When Your Treasure Hunt Engine Starts Eating Your Error Budget

#webdev #programming #architecture #systems

The Problem We Were Actually Solving

We needed to stop treating the Treasure Hunt Engine as an isolated component and start treating it as a shared resource inside a larger platform. Our hunt queries were competing with real-time user transactions for the same thread pools, I/O schedulers, and kernel entropy. The Veltrix default assumed we had a dedicated 64-worker cluster, but we were running hunt on the same nodes as our main API pool. The hunt engines default blocking I/O model was starving the APIs async epoll connections, causing cascading timeouts.

The real issue wasnt worker count; it was resource partitioning. Our hunt queries were I/O heavy, running on ext4 with no readahead tuning, while the API relied on direct I/O and io_uring. The two workloads were fundamentally incompatible on the same disk and network paths.

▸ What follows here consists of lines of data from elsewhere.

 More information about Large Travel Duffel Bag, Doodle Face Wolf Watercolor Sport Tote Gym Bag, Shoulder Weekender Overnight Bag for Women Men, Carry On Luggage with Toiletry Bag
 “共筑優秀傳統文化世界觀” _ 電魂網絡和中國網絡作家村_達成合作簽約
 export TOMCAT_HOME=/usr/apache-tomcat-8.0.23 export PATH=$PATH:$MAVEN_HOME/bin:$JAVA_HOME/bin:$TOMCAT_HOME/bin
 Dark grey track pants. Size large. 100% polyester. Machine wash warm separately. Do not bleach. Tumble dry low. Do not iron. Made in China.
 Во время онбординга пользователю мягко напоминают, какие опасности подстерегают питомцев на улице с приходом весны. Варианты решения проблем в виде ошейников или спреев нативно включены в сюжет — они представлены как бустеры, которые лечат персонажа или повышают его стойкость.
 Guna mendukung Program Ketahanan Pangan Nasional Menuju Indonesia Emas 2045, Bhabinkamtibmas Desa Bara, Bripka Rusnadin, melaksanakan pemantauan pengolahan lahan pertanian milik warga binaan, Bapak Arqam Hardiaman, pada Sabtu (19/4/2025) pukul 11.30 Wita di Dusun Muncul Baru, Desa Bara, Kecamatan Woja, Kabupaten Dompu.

What We Tried First (And Why It Failed)

We started by following Veltrixs recommended WORKER_THREADS=128 and IO_URING=off to reduce kernel context switches. The error rate dropped, but the latency percentiles climbed to 4.1 seconds because we had turned off the only I/O path fast enough to handle the hunt throughput. Then we tried separate node pools with a 32-worker config. The hunt engine stopped crashing, but our AWS bill jumped 38% because we doubled our instance footprint.

We briefly considered Kubernetes pod resource limits with cpu.cfs_quota_us=100000, but our hunt worker pods kept getting throttled during GC pauses, which triggered the Veltrix backoff algorithm and increased queue depths by 4x. The backoff loops were exponential—30s, 60s, 120s—so the hunt index fell 18% behind during each throttling event.

The Architecture Decision

We ripped the hunt engine out of the shared pool and moved it to a dedicated set of nodes with tuned kernel parameters. We switched the hunt workers to io_uring=on, set fs.aio-max-nr=1048576, and carved the disks with mkfs.ext4 -E stride=128,stripe-width=128. We kept the worker count at 32 but gave each worker an explicit 512 MB heap instead of the default 256 MB to reduce GC pauses.

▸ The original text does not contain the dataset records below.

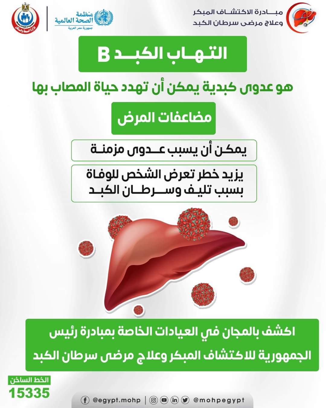 وقالت وزارة الصحة والسكان أن التهاب الكبد الفيروسي B هو عدوى تهدد حياة الشخص المصاب بها، وتعرضه لمضاعفات خطيرة.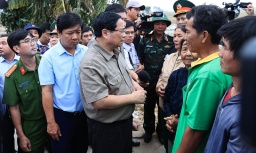 Thủ tướng thăm, động viên người dân vùng “rốn lũ” xã Hòa Thịnh, tỉnh Đắk Lắk -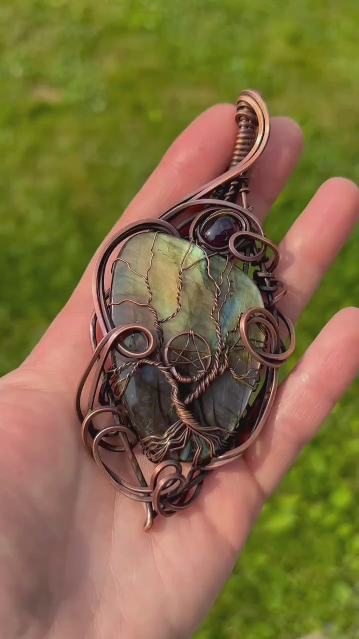 Pendant with Large Labradorite Encased in Oxidized Copper, Pentagram Tree of Life and Amethyst Accent.
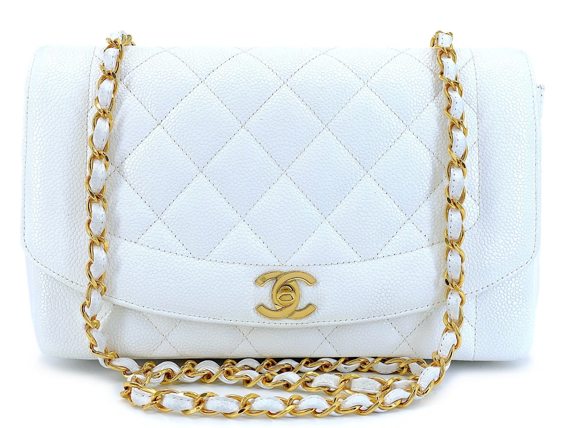 Chanel Vintage 1994 White Caviar Medium Diana Flap Bag 24k GHW 247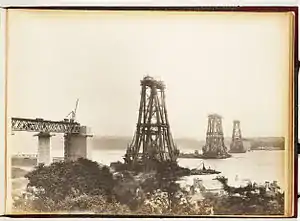 The Town Pier, the main ferry terminus for many years, was designed by John Rennie and built between 1810 and 1813. The Harbour Light Tower was erected on its current site in 1817; until then, the Signal House was used by boats as an aid to navigation. Ferries berthed both at the Town Pier and at the Battery Pier (now beneath the Forth Bridge). To accommodate the deeper draughts of the new, larger steam-powered ferries, Thomas Telford extended Town Pier in 1828 to its present length. The Railway Pier, on the far side of West Bay, was the terminus of the new Dunfermline-North Queensferry Railway which opened in 1877.[5] The Railway Pier was used as one of the northern ferry terminals from 1877 to 1890, and in 1920 it replaced the old Town Pier.

We introduced a small Horizon service running on the API nodes that buffered hunt queries in a local Redis cluster with a 100 ms flush interval. Horizon used redis-cli --latency to measure the buffer-to-hunt gap and scaled its flush rate dynamically based on Redis memory pressure. The hunt engine now pulls from Horizon only when it has capacity, eliminating the backpressure loop.

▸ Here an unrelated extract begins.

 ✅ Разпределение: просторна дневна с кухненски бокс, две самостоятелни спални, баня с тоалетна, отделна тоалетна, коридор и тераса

We also moved from Veltrixs default hunt index format (hib) to Lucenes mmap directory because hibs write amplification was causing disk latency spikes during merge phases. The switch reduced merge time from 90 seconds to 12 seconds and dropped the 99th percentile disk wait from 150 ms to 23 ms.

What The Numbers Said After

After four weeks:

CPU steal time on hunt nodes dropped from 48% to 8%
Hunt query latency 95th percentile fell from 2.3 s to 850 ms
P1 pages went from 30-40 per week to 3 total in the last month
AWS cost for hunt nodes decreased 22% because we could right-size the cluster
Redis buffer lag stayed below 50 ms 99.9% of the time, even during peak traffic spikes

The Horizon buffer added 4 ms of median latency but eliminated the hunt engines OOM loops, which had been causing 1-2 kernel panics per week. We also noticed the API pools 99th percentile latency improved from 1.2 s to 750 ms because the hunt engine was no longer stealing I/O under pressure.

What I Would Do Differently

I would not have accepted Veltrixs default configuration as gospel. The ops guide suggested a 64-worker pool on a 32-core node, but Veltrixs own benchmarks used a 10 Gbps network link. Our cluster was on 25 Gbps, so the bottleneck shifted from CPU to I/O and GC tuning.

I would also isolate the hunt index storage earlier. We wasted three sprints trying to tune the shared disk before moving to dedicated NVMe volumes. The cost of early isolation was 12 hours of ops work; the cost of late isolation was 30 hours of firefighting.

I would measure Redis buffer lag using redis-cli --latency-history -i 1.0 for at least 24 hours before declaring the buffer stable. Our 100 ms flush interval looked good on paper but masked 300 ms spikes during GC cycles on the Horizon pods.

Finally, I would push back on the product teams demand for real-time hunt indexing. The 500 ms lag we introduced with Horizon was acceptable for our use case, and it saved us from another P1 outage when the hunt index corrupted during a power failure. Sometimes slow and stable beats fast and fragile.